***** Exercise inputs

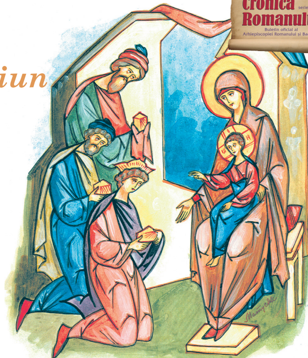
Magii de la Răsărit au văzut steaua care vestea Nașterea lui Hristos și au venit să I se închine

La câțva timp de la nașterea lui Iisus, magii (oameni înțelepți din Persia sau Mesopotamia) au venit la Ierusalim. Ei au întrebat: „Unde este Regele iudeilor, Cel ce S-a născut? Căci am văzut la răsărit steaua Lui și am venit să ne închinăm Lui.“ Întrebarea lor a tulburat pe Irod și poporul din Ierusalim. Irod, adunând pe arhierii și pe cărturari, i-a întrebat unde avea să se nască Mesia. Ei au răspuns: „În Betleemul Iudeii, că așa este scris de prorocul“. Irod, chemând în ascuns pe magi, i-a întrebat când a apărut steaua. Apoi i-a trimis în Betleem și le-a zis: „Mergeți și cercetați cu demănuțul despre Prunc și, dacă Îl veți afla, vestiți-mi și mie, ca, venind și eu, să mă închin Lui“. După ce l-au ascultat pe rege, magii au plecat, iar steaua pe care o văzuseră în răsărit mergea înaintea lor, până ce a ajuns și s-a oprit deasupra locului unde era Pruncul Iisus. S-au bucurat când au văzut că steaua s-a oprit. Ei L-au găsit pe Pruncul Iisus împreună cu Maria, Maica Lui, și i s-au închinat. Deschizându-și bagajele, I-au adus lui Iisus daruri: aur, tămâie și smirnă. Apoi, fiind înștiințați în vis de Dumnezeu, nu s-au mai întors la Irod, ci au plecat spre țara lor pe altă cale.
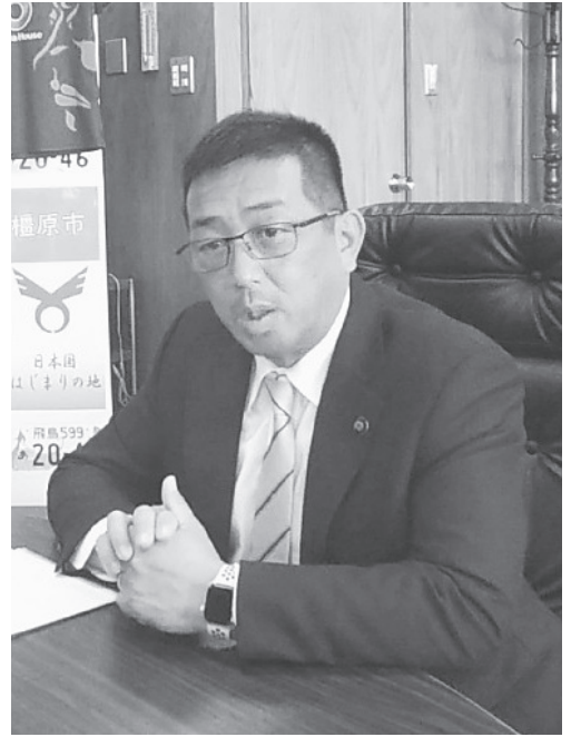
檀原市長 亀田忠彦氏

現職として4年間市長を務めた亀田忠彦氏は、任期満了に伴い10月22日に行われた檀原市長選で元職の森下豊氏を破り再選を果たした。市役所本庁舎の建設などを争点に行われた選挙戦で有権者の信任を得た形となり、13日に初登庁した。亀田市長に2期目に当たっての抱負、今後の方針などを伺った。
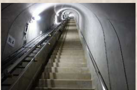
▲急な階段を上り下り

**********
***** Exercise inputs

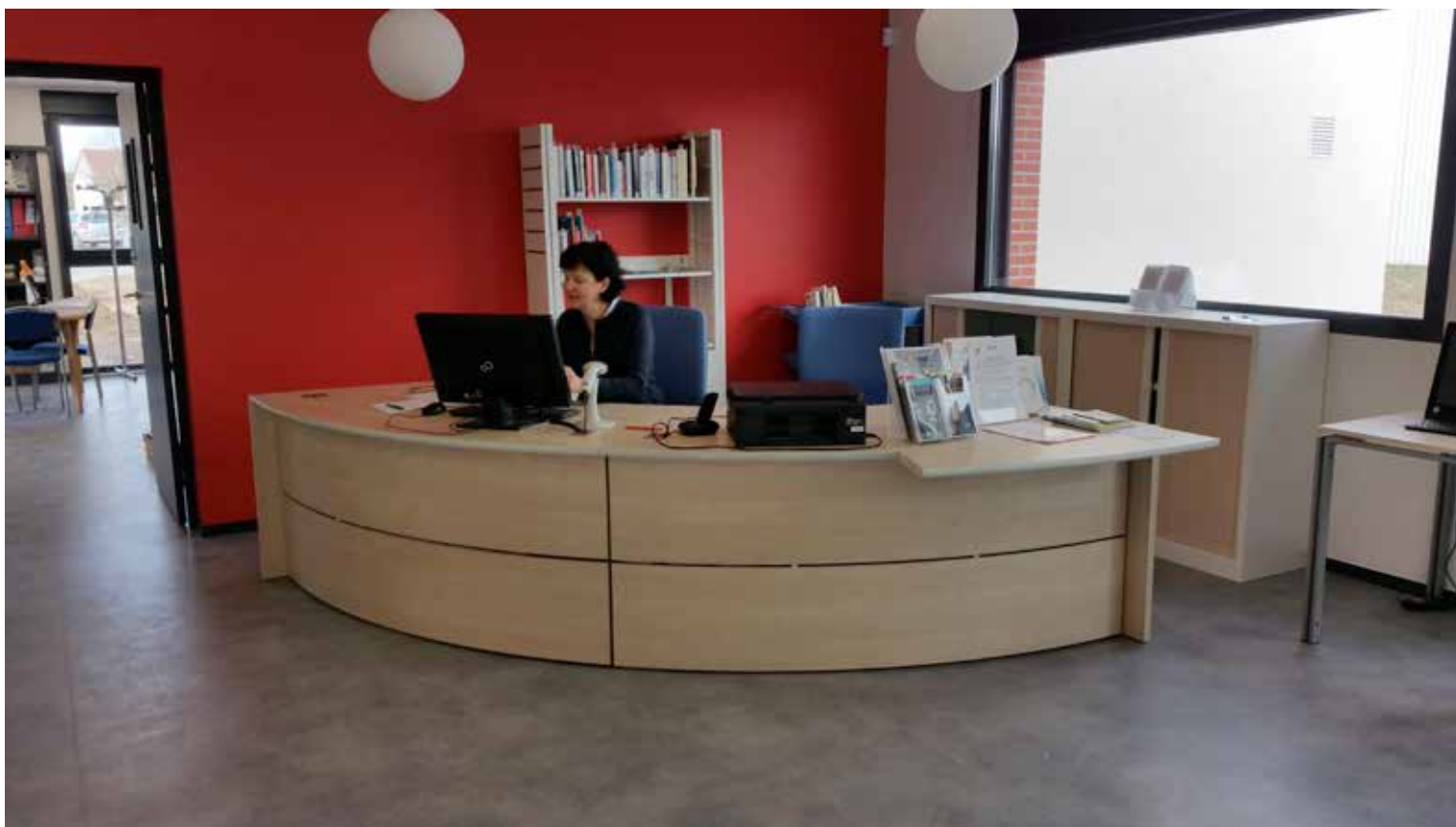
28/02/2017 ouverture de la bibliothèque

**********

Required work ->
Look through the entries above and report each line where the string "steaua" occurs.

Result below ->
Magii de la Răsărit au văzut steaua care vestea Nașterea lui Hristos și au venit să I se închine
La câțva timp de la nașterea lui Iisus, magii (oameni înțelepți din Persia sau Mesopotamia) au venit la Ierusalim. Ei au întrebat: „Unde este Regele iudeilor, Cel ce S-a născut? Căci am văzut la răsărit steaua Lui și am venit să ne închinăm Lui.“ Întrebarea lor a tulburat pe Irod și poporul din Ierusalim. Irod, adunând pe arhierii și pe cărturari, i-a întrebat unde avea să se nască Mesia. Ei au răspuns: „În Betleemul Iudeii, că așa este scris de prorocul“. Irod, chemând în ascuns pe magi, i-a întrebat când a apărut steaua. Apoi i-a trimis în Betleem și le-a zis: „Mergeți și cercetați cu demănuțul despre Prunc și, dacă Îl veți afla, vestiți-mi și mie, ca, venind și eu, să mă închin Lui“. După ce l-au ascultat pe rege, magii au plecat, iar steaua pe care o văzuseră în răsărit mergea înaintea lor, până ce a ajuns și s-a oprit deasupra locului unde era Pruncul Iisus. S-au bucurat când au văzut că steaua s-a oprit. Ei L-au găsit pe Pruncul Iisus împreună cu Maria, Maica Lui, și i s-au închinat. Deschizându-și bagajele, I-au adus lui Iisus daruri: aur, tămâie și smirnă. Apoi, fiind înștiințați în vis de Dumnezeu, nu s-au mai întors la Irod, ci au plecat spre țara lor pe altă cale.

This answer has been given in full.